**Data provided:**
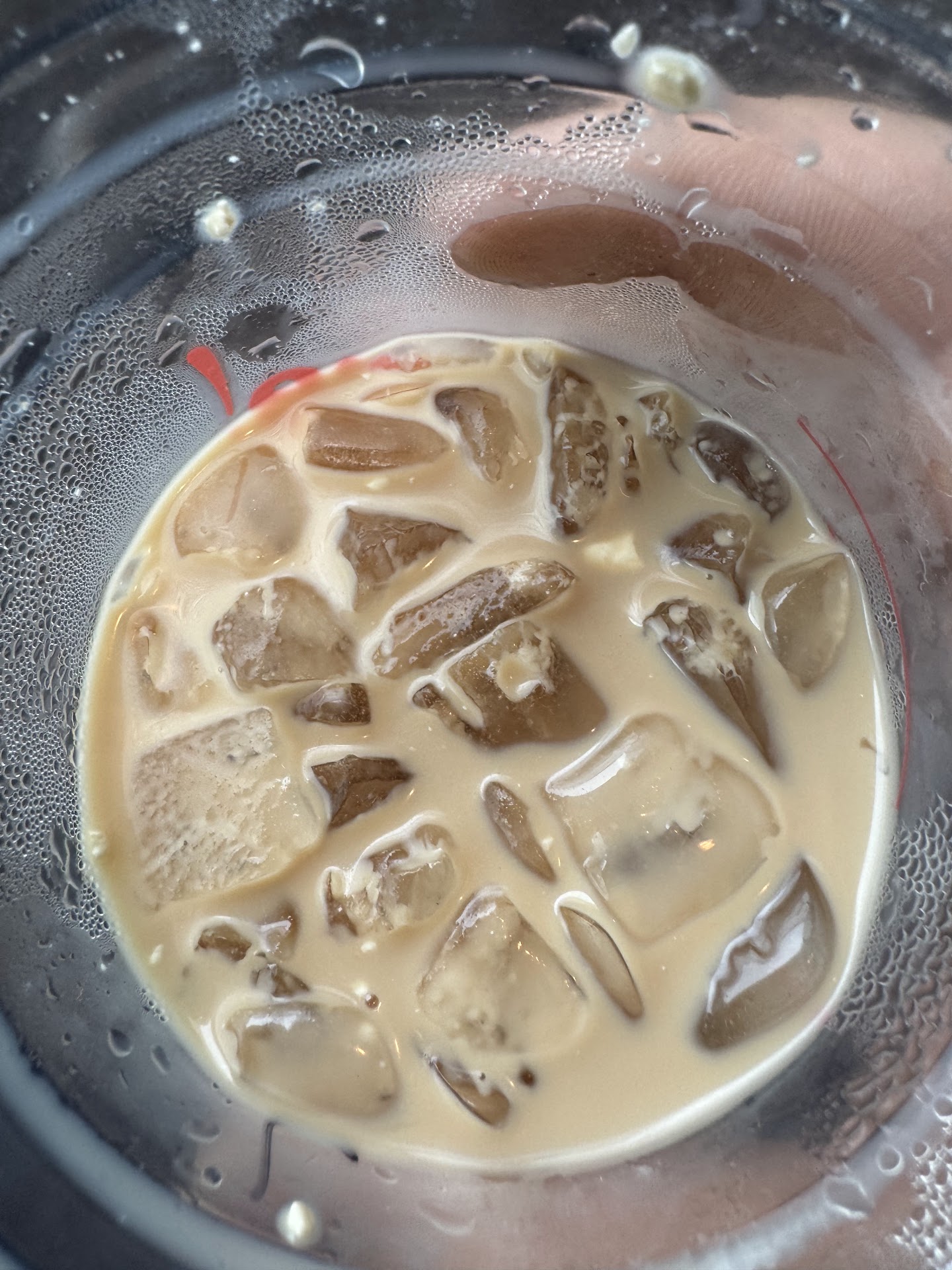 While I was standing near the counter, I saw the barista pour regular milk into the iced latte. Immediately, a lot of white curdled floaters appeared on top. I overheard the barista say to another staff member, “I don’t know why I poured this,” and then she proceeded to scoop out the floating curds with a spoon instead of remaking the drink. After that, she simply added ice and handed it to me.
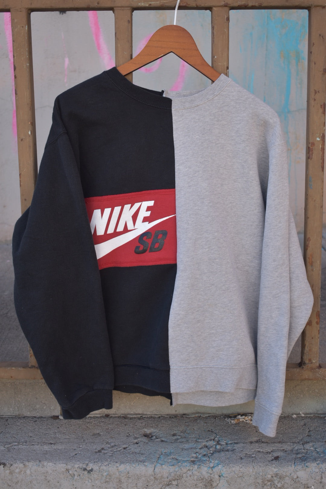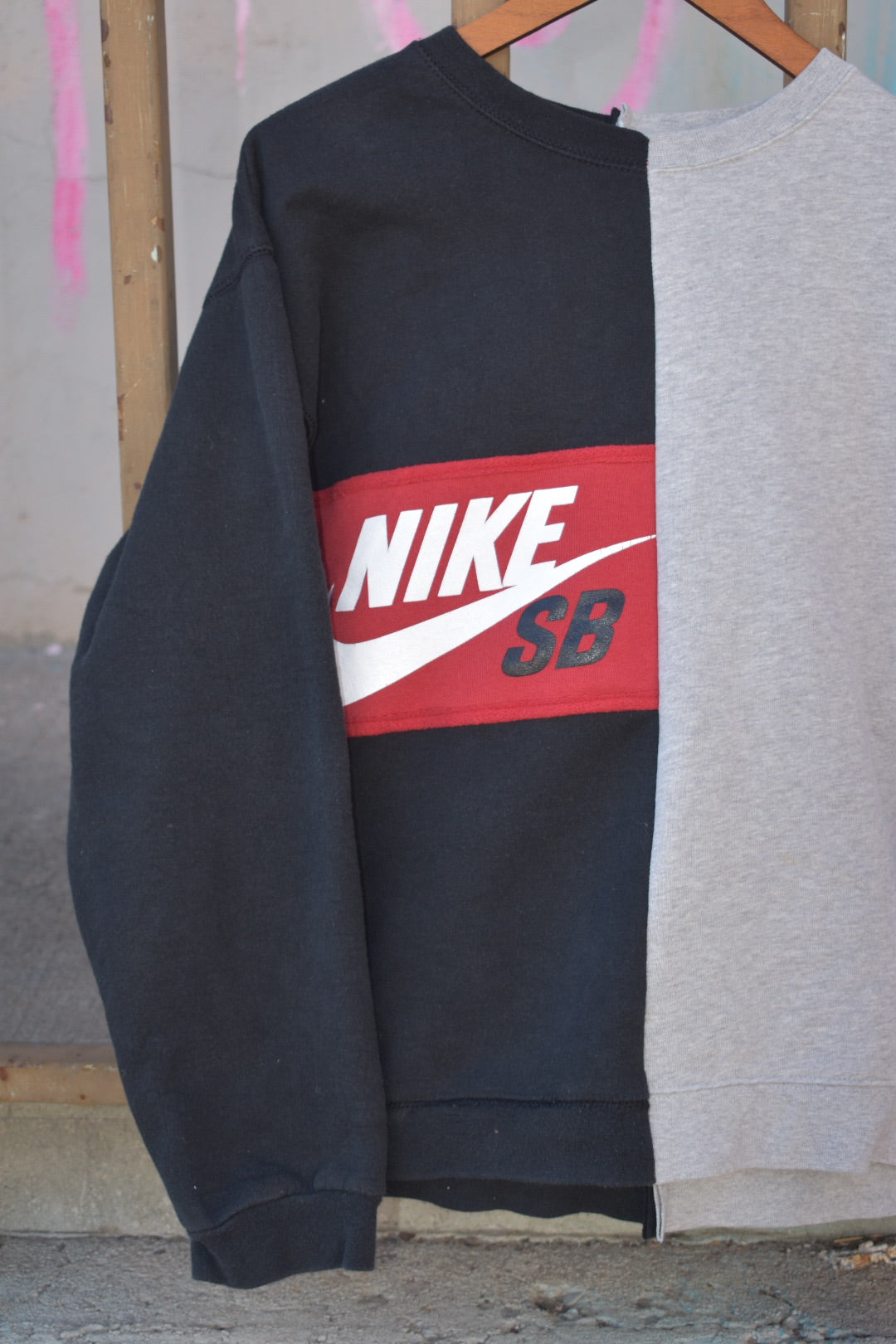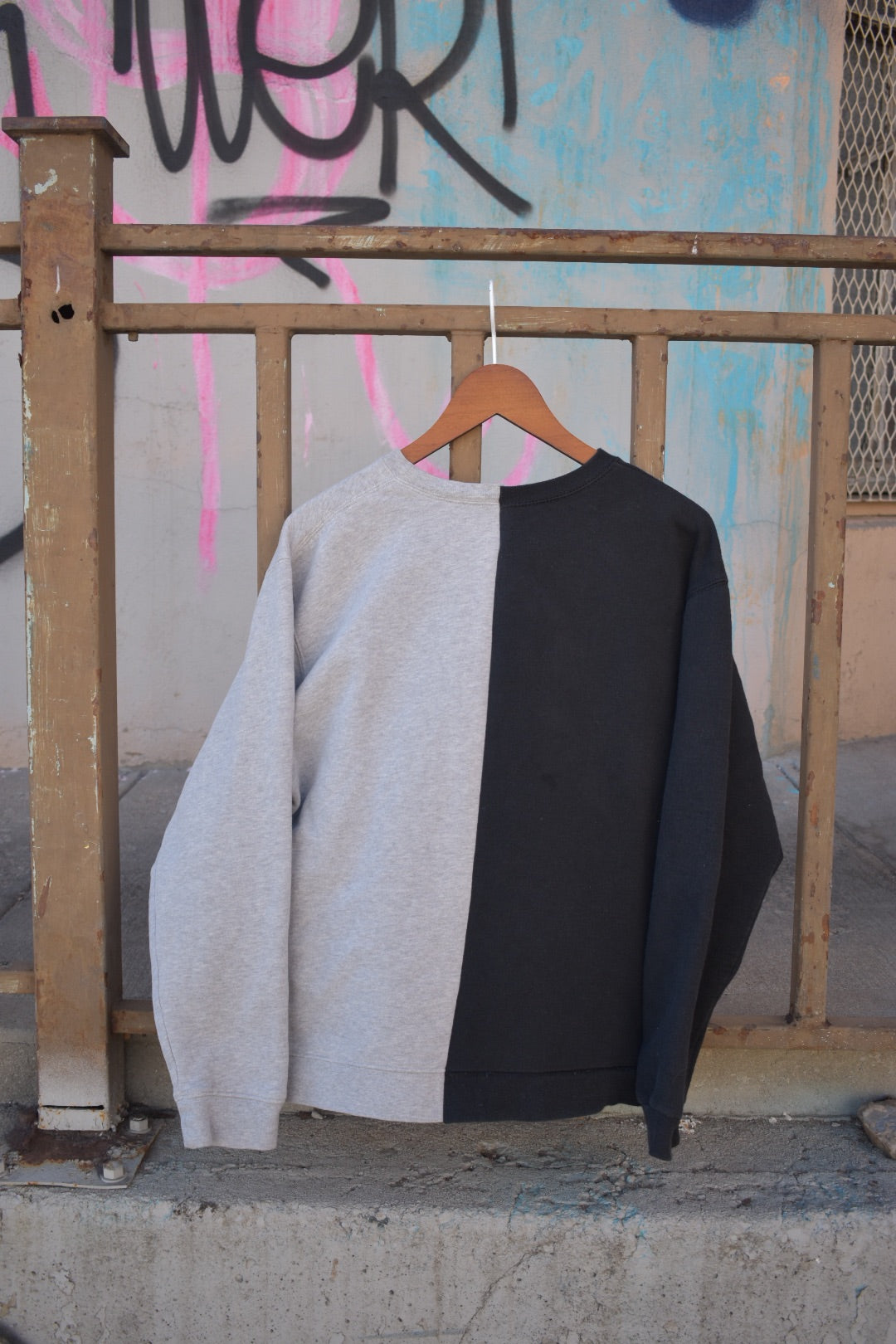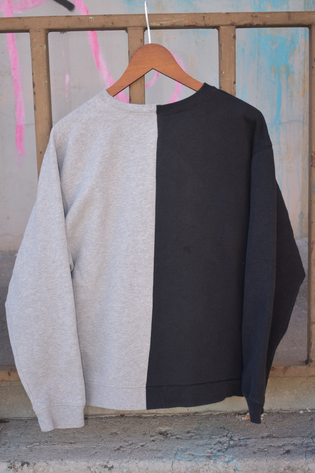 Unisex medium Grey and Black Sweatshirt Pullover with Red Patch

---

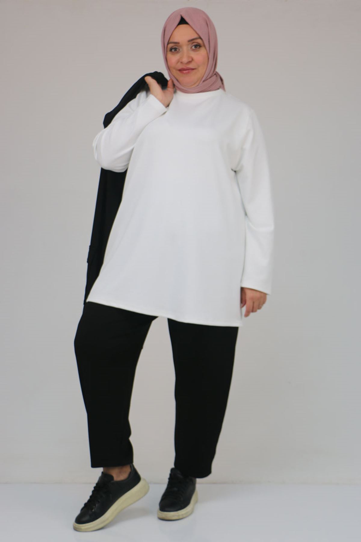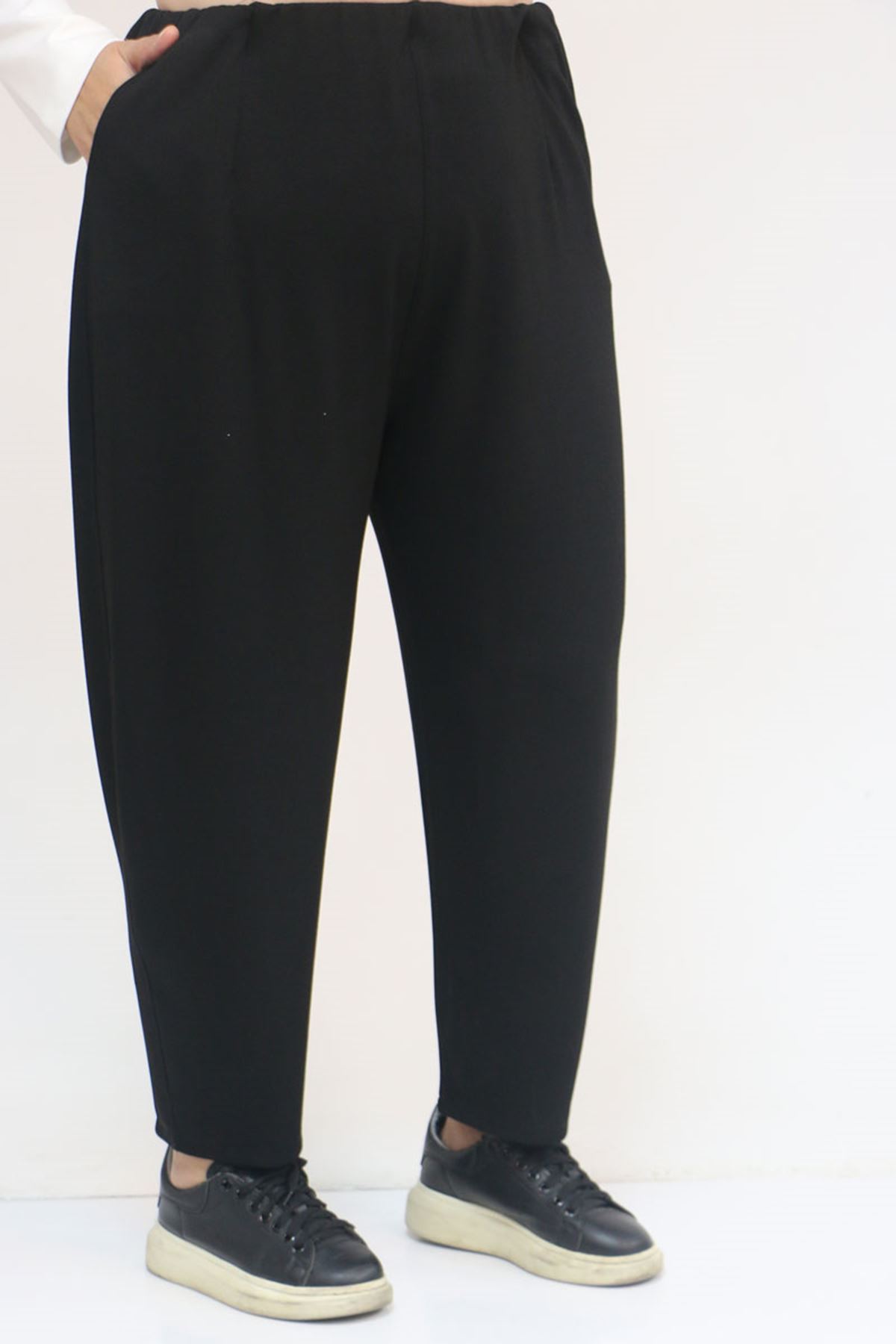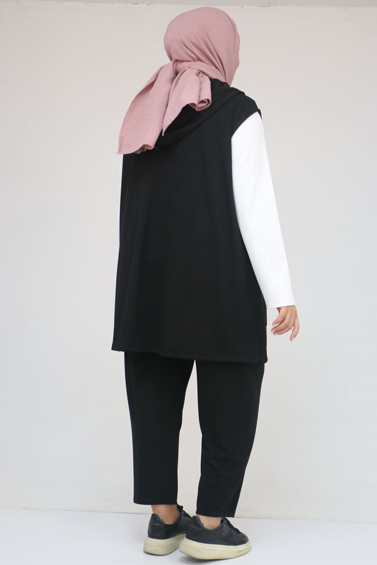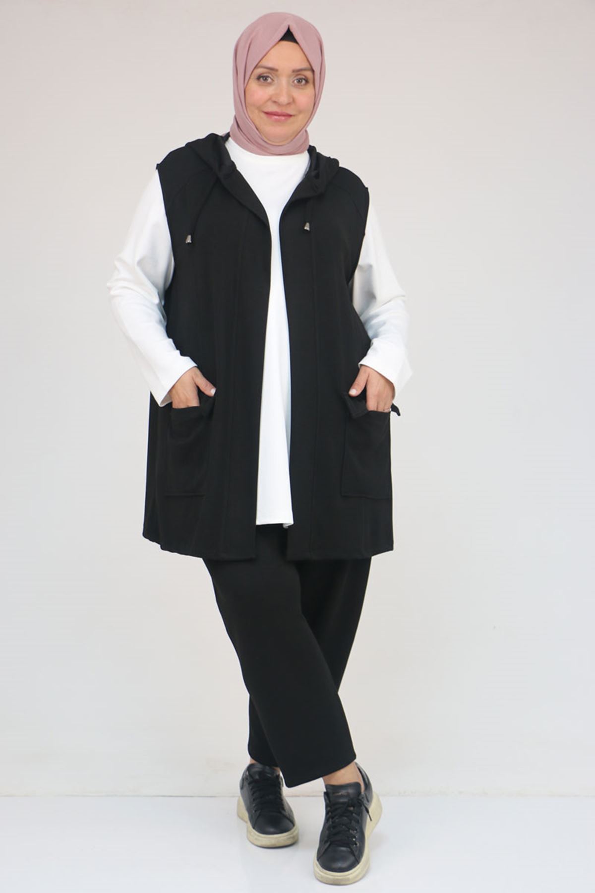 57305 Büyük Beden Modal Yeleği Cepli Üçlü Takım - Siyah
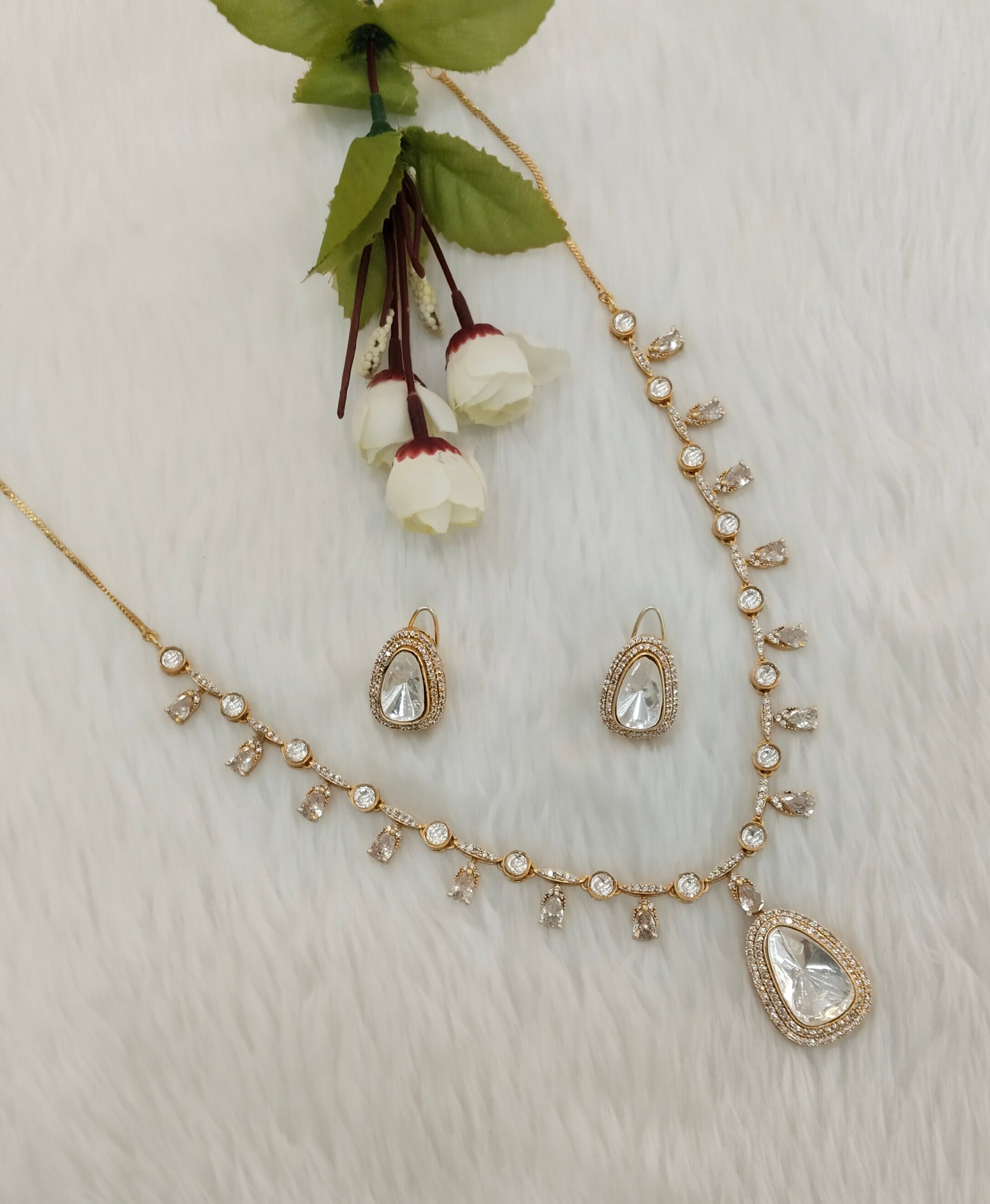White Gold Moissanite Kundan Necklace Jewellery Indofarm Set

==

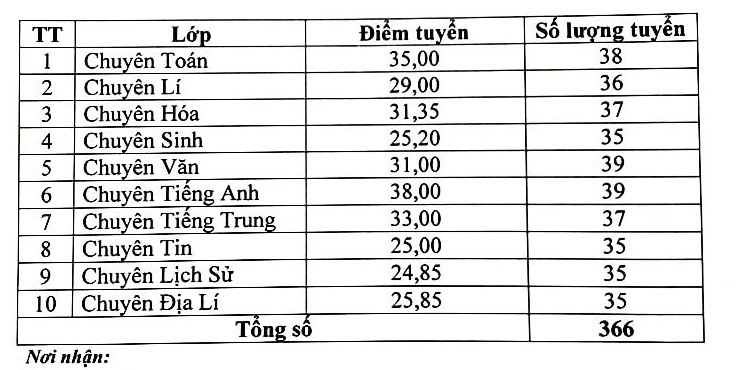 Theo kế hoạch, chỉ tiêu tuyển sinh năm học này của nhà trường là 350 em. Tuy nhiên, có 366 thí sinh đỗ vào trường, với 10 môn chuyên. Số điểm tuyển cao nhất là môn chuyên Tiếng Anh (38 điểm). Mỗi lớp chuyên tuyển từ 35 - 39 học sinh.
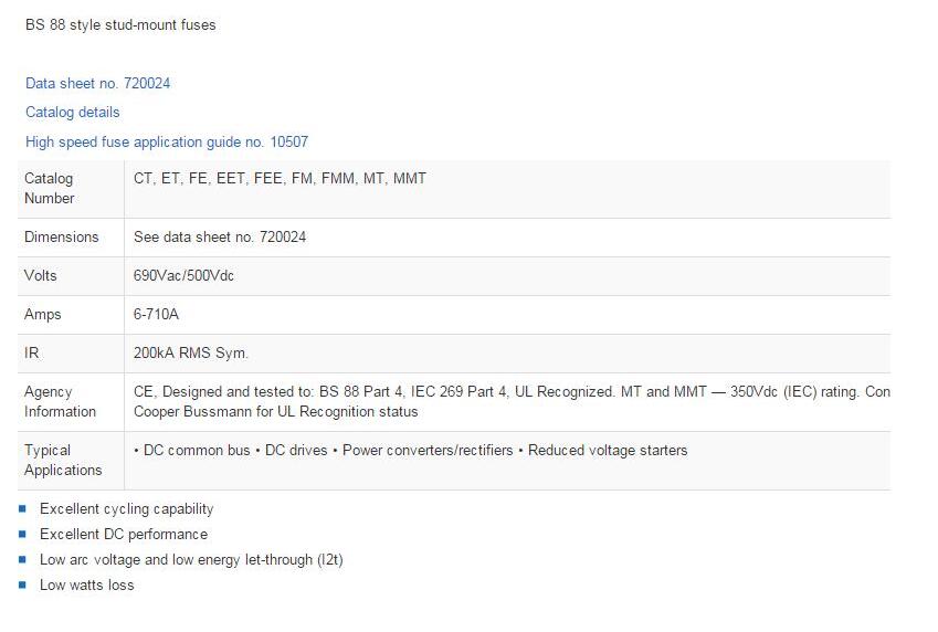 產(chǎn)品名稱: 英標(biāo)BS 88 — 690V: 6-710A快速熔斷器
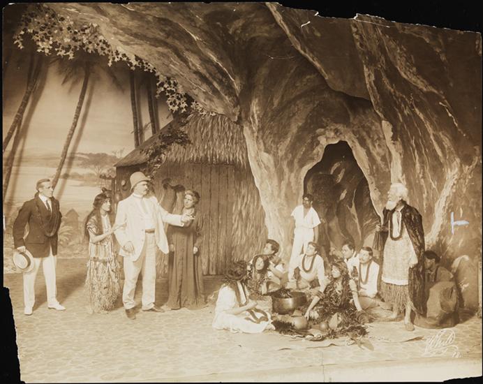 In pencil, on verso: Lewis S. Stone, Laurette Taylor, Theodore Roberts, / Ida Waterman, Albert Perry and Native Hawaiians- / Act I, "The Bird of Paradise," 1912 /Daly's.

**Your assignment:**
In the listing above, find the line with "While I was" and the line with "Unisex medium Grey and Black". Set down exactly those lines and everything between them, skipping pictures.

**Response to this exercise:**
 While I was standing near the counter, I saw the barista pour regular milk into the iced latte. Immediately, a lot of white curdled floaters appeared on top. I overheard the barista say to another staff member, “I don’t know why I poured this,” and then she proceeded to scoop out the floating curds with a spoon instead of remaking the drink. After that, she simply added ice and handed it to me.
 Unisex medium Grey and Black Sweatshirt Pullover with Red Patch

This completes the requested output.